A startup I worked for had this exact same security issue. I brought it up to the tech lead/CEO but they were in denial about it. Handrolled password reset by dummies basically
Why people are still hand rolling common stuff like this is baffling to me. I'm treading on offensive waters here, but I'd guess this is from a nodejs backend, for some reason it seems to be more common to hand roll stuff like this in node than pretty much any other web language/framework I've worked with.
> Why people are still hand rolling common stuff like this is baffling to me
Don't most systems hand roll their own password reset? Using any backend tech, I mean. This isn't crypto, where hand rolling your own solution is almost always a mistake.
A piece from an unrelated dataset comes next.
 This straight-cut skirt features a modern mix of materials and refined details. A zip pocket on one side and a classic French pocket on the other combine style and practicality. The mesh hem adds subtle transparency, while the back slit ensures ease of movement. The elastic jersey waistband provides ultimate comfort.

Couldn't you just demonstrate the exploit by resetting any password? (by a willing participant, so as not to be considered as doing something illegal). I wonder how your tech lead could deny that.
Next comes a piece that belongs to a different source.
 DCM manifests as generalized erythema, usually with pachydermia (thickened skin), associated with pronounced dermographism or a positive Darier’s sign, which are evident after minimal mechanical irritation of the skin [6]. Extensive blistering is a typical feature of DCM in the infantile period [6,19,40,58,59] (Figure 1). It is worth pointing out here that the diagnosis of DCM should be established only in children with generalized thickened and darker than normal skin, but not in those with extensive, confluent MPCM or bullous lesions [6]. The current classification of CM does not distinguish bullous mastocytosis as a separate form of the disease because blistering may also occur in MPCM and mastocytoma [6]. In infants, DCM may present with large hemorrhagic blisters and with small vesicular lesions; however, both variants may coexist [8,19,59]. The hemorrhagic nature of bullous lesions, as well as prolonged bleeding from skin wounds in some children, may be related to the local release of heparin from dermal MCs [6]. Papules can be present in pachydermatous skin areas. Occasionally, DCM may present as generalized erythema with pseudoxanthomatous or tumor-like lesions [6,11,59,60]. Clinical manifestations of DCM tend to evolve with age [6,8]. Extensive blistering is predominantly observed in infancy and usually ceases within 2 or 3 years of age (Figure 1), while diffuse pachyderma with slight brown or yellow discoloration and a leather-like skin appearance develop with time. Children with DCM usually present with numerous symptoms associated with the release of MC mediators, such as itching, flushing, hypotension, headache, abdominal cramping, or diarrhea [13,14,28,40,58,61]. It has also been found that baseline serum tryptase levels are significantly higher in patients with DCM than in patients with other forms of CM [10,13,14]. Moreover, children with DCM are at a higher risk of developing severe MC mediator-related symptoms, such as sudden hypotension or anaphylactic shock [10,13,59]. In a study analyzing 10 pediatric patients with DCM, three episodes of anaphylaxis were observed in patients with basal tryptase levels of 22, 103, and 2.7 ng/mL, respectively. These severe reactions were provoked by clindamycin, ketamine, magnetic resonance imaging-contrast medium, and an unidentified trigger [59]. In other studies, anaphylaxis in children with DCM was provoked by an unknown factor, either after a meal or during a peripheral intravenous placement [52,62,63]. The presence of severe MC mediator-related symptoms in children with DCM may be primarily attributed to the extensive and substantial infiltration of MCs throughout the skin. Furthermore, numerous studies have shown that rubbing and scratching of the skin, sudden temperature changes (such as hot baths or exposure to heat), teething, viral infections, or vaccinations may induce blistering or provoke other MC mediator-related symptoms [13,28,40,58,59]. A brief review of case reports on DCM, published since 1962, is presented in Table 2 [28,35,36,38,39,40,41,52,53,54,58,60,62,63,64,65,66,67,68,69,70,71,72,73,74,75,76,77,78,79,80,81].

"Eh that required too much work, no one will try that in real life"
"Oh you were smart enough to open the dev tools and see that, that won't happen irl"
"oh users don't have important enough info stored on this account so it won't hurt to have someone access it" (<- literally a reasoning used by a site I used in defense of poor security. "the attacker only gets access to your last name and the last 4 digits of your credit card, that's not bad enough to need more security")
Don't put it past an incompetent/lazy/underfunded tech lead to dismiss even a one-click account takeover script.